Work to be completed>
Set out exactly, line by line, the stretch of data below that begins at the line containing "استفاده از ضد" and ends at the line containing "Trump uçağı Air", with both ends kept.

Input records>
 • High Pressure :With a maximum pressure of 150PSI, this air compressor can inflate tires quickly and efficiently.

==

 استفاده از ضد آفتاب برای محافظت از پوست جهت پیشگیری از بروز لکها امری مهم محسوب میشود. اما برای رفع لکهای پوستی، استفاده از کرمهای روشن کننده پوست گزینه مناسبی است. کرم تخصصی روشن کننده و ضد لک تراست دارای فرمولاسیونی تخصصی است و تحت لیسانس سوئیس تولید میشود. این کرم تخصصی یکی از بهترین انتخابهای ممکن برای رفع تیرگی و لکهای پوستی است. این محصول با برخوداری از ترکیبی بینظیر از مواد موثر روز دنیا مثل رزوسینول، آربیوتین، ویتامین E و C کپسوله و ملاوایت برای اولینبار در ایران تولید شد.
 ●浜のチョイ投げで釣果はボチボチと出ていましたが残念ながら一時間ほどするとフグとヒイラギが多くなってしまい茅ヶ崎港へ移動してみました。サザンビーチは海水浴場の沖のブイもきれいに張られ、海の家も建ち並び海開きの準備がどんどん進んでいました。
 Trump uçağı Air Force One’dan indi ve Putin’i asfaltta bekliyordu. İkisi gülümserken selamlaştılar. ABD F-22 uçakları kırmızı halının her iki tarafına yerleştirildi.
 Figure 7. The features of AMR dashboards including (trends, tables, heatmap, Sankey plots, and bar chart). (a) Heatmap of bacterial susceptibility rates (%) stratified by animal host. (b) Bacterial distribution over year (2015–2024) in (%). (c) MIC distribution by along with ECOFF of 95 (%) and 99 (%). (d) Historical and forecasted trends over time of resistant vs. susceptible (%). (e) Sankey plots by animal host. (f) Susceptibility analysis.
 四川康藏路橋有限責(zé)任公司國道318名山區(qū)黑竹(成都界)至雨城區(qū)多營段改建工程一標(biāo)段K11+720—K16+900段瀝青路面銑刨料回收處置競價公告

Your response>
 استفاده از ضد آفتاب برای محافظت از پوست جهت پیشگیری از بروز لکها امری مهم محسوب میشود. اما برای رفع لکهای پوستی، استفاده از کرمهای روشن کننده پوست گزینه مناسبی است. کرم تخصصی روشن کننده و ضد لک تراست دارای فرمولاسیونی تخصصی است و تحت لیسانس سوئیس تولید میشود. این کرم تخصصی یکی از بهترین انتخابهای ممکن برای رفع تیرگی و لکهای پوستی است. این محصول با برخوداری از ترکیبی بینظیر از مواد موثر روز دنیا مثل رزوسینول، آربیوتین، ویتامین E و C کپسوله و ملاوایت برای اولینبار در ایران تولید شد.
 ●浜のチョイ投げで釣果はボチボチと出ていましたが残念ながら一時間ほどするとフグとヒイラギが多くなってしまい茅ヶ崎港へ移動してみました。サザンビーチは海水浴場の沖のブイもきれいに張られ、海の家も建ち並び海開きの準備がどんどん進んでいました。
 Trump uçağı Air Force One’dan indi ve Putin’i asfaltta bekliyordu. İkisi gülümserken selamlaştılar. ABD F-22 uçakları kırmızı halının her iki tarafına yerleştirildi.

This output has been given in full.